Он выдернул руку из-под тела, оставив под ним конверт, и шарахнулся в сторону, ударившись о стену. Перед глазами плыло, тошнило. Андрей вытащил из кармана выскальзывающий из мокрых пальцев телефон:
— Малика, приедь ко мне. Пожалуйста…пожалуйста…
— Малика, мне сейчас понадобится ваша помощь.
Талищев тяжело оперся рукой о колено и поднялся, снова набросил на труп простыню.
— А? — девушка рассеянно подняла голову. — Да-да, — она встала со скрипучего кресла и послушно прошла за ним в ванную.
Комната была такая маленькая, что в ней едва можно было уместиться вдвоем. Кафель местами откололся, под ногами крошился бетон. И пахло неприятно. Чем-то гнилым и затхлым. Гистолог несколько раз провернул скрипящий вентиль крана, и в желтую от старости раковину хлынула вода: сначала тонкой струйкой, но потом разошлась.
Преподаватель на вытянутых руках раскрыл бумагу, аккуратно оторвав кусок пластыря. Наклонился и понюхал.
— Черт, — Талищев зло ругнулся и с омерзением отдернул голову. — Идиоты!
Малика стояла в углу, прижимаясь плечом к косяку. Мужчина предварительно показал ей грязно-розовый крупитчатый порошок и смыл его в раковину. Потом ополоснул руки и бумагу и выбросил ее в проржавевшее ведро. Девушка невольно проследила взглядом — оно было на треть заполнено мусором — понятно, откуда такой смрад. Обертки, объедки. Сверху напоказ лежала ежедневная гигиеническая прокладка — женская вещь. Мертвой Ниязовой.
Желудок резко скрутило, и девушку вырвало в раковину, туда, куда минуту назад Талищев смыл остатки героина. Спазмы следовали один за другим с такой силой, что в горле разливалась боль, хотя она даже не ела с утра.
— Дышите, дышите. Ничего.
Только через пару минут Малика начала, как сквозь вату, слышать мягкий участливый бас преподавателя.

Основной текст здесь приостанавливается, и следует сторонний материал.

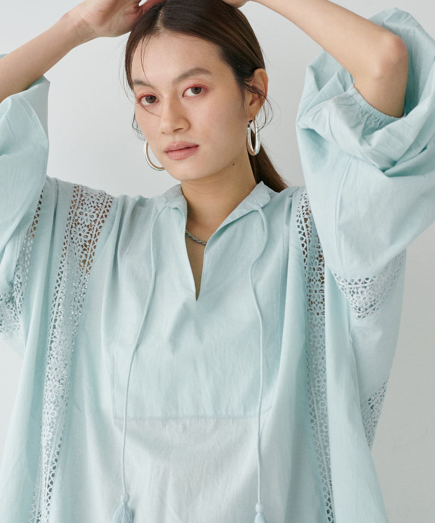 胸元はスキッパーデザインで首周りはすっきりとした印象に。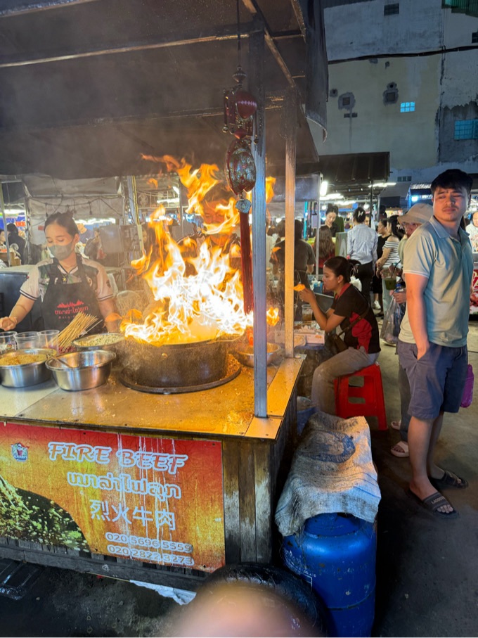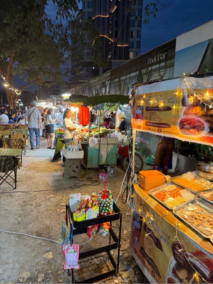 Zudem ist entlang des Mekhong ein großer Nachtmarkt, wo allerlei Tinnäf angeboten wird.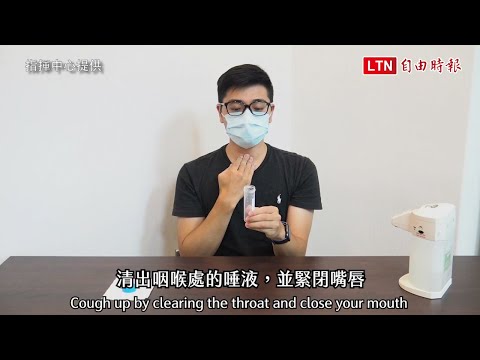 唾液檢體採檢流程 1、確認口罩有遮住口鼻。 2、以酒精性乾洗手將雙手洗淨。 3、打開檢體盒蓋。 4、做出清喉嚨動作,清出咽喉處唾液、緊閉嘴唇使唾液分泌並停留在口腔內約1分鐘。 5、拿下口罩將1至2ml唾液,輕柔吐入檢體盒內,避免唾液沾到檢體盒外。 6、戴上口罩。 7、蓋好並扭緊檢體盒蓋,確認沒有滲漏。 8、以紙巾將檢體盒表面擦拭乾淨。 9、將檢體盒交給採檢人員。 10、最後再以酒精性乾洗手將雙手洗淨。

Она судорожно вдохнула. Стало холодно, но заметно полегчало. Мужчина отечески придерживал девушку за плечи. Раковина была забрызгана грязными потёками, девушка смущенно повернула вентиль, чтобы их смыть.
Вода хлынула из крана, Малика отчаянно глотнула ртом воздух и разрыдалась. Одновременно пытаясь смыть ледяной водой слезы и прополоскать рот, она все пыталась сдержаться, но не могла.
Юрий Альбертович едва заметно ободряюще пожал ее плечо и деликатно вышел, оставив девушку одну.
— Не берите в привычку врать, — голос Талищева прокатился по маленькому, заставленному столами и шкафами кабинету и заставил девушку вздрогнуть и покраснеть.
Малика уже пожалела, что пришла, когда преподаватель так же громко рявкнул:
— Эти заврались потому, что по-другому не могут уже! Садитесь.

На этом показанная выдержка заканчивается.